Trump-Xi Summit: A Schedule That Weighs on Risk Appetite

Adding to these energy tensions is the upcoming summit between Donald Trump and Xi Jinping. The discussions are set to focus on Iran, as well as tariffs, Taiwan, artificial intelligence, and critical minerals.

This packed agenda adds a layer of uncertainty for the markets, particularly for cyclical and technological stocks, which are exposed to both tariff measures and restrictions on semiconductors and rare earths.
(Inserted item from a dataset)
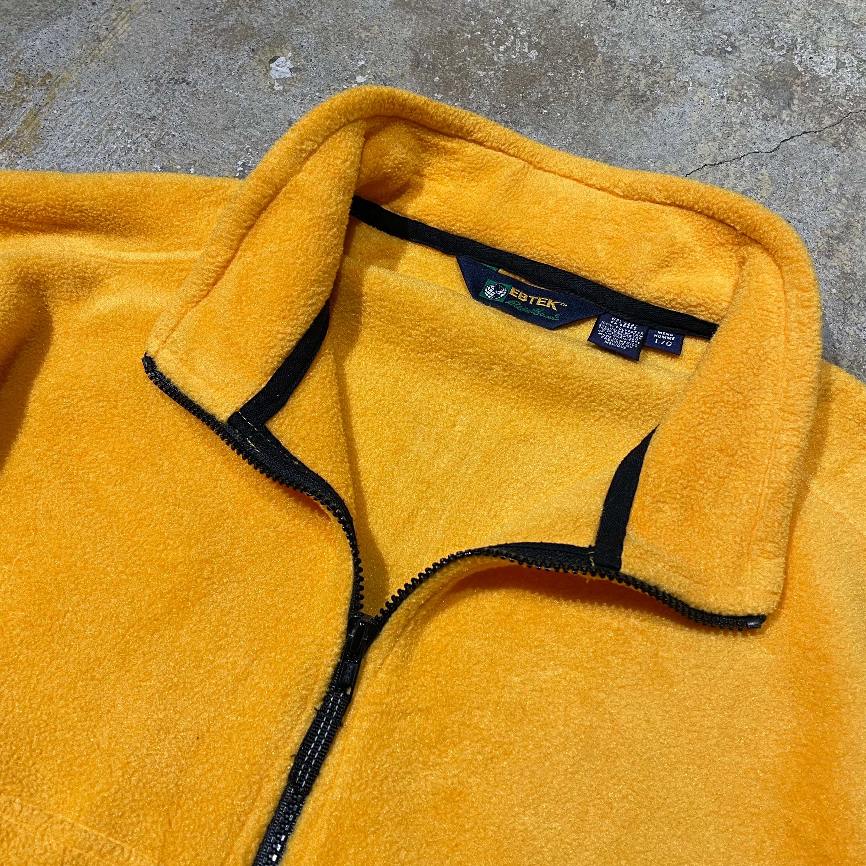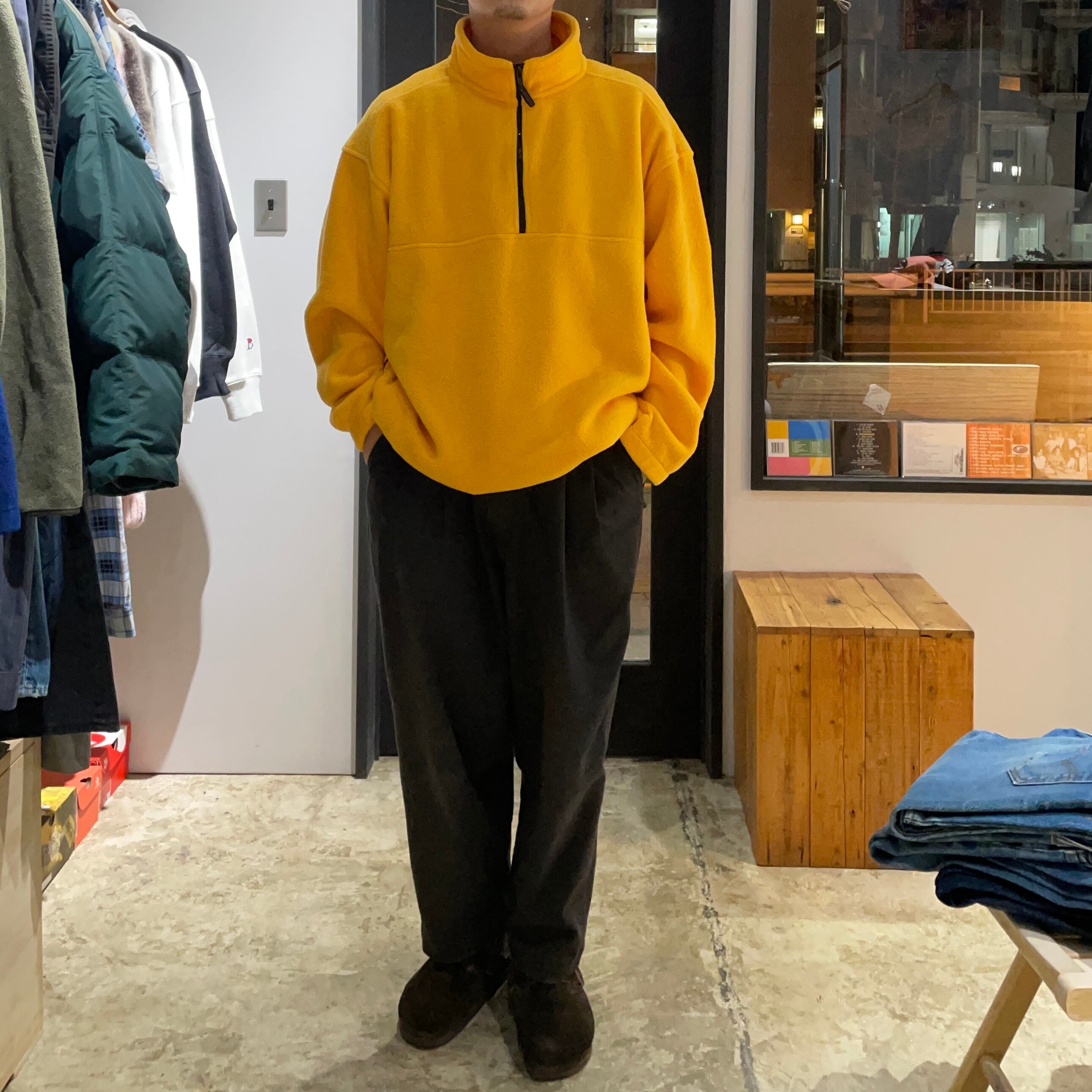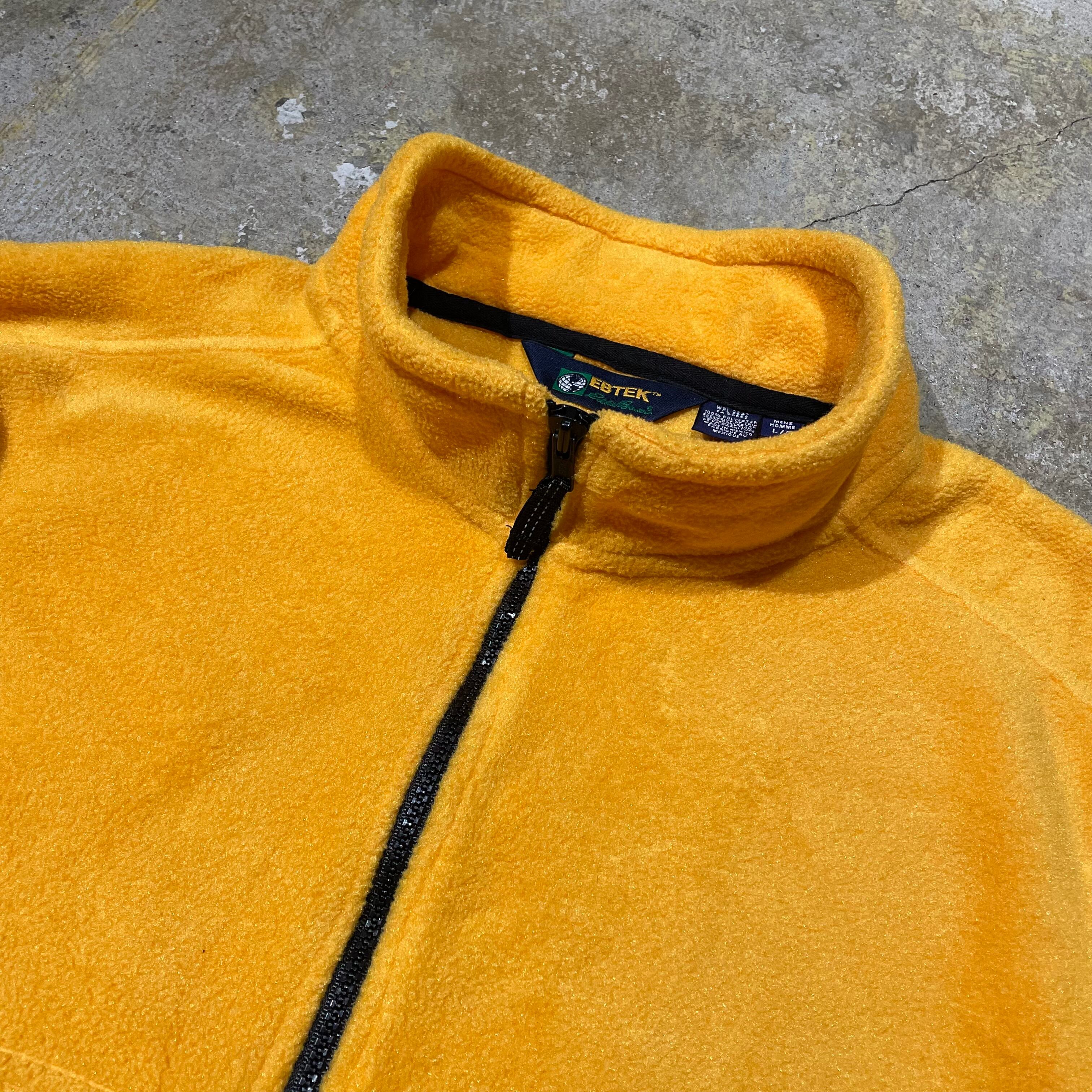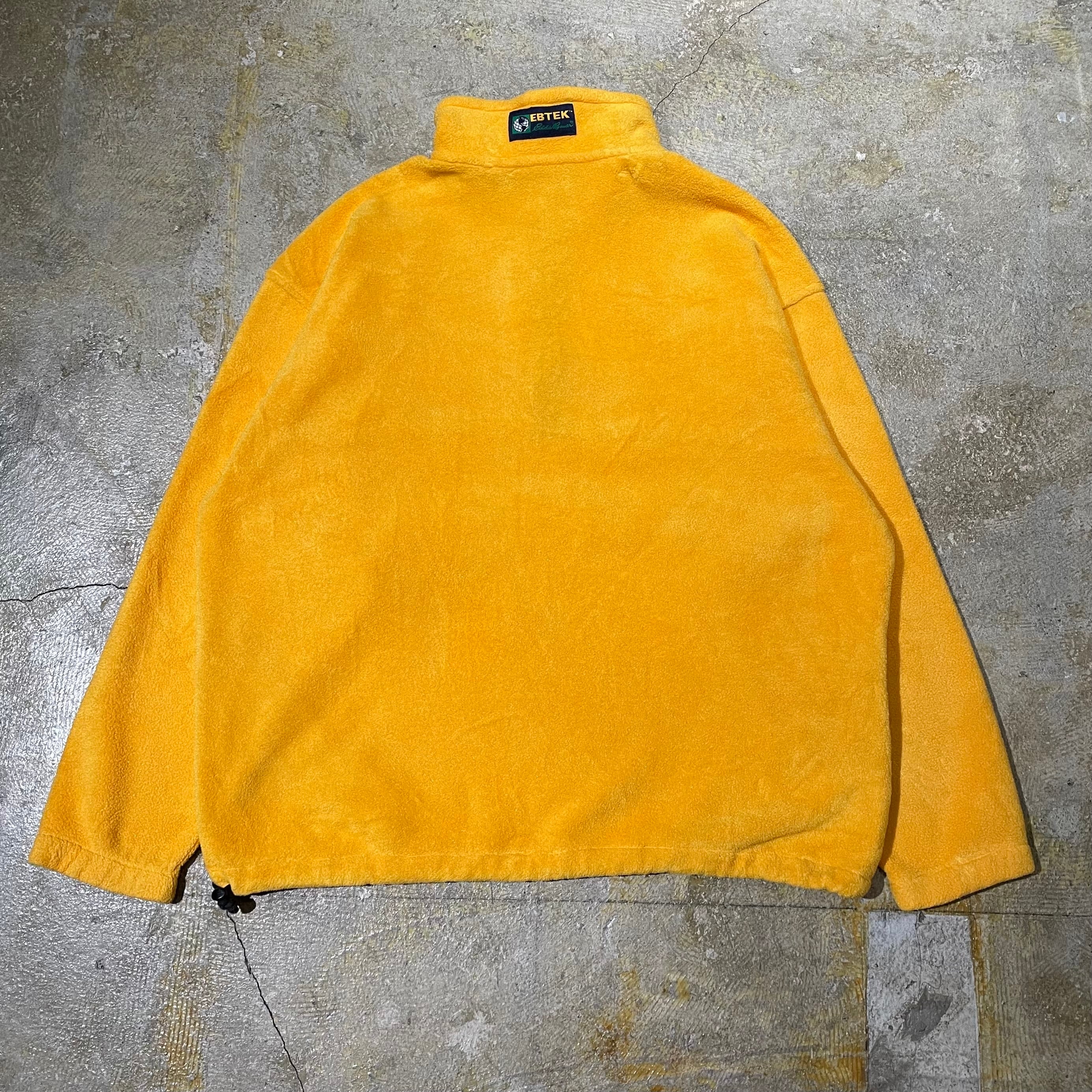 エディーバウアーが90年代に展開したハイパフォーマンスラインEBTEK。海外ではアーティストが着るなど現在人気が高騰しているアイテム。今回は定番のフリースのプルオーバー型のイエロー。デニムや黒のパンツと相性の良いカラーリングです。Lサイズでビッグシルエット。裾のスピンドルを絞って着るのがおすすめです。軽く保温性の高いフリースでありながら、ストリートを感じるロゴの雰囲気がたまらない1着になってます。

Sectors most sensitive to energy costs—such as transportation, chemicals, heavy industry, and distribution—remain exposed to fluctuations in oil prices.

The variables to watch remain the evolution of Brent crude, the situation around Hormuz, and the diplomatic signals from the Trump-Xi summit, three factors that will shape the trajectory of inflation and interest rate expectations over the coming weeks.

This content has been automatically translated using artificial intelligence. While we strive for accuracy, some nuances may differ from the original French version.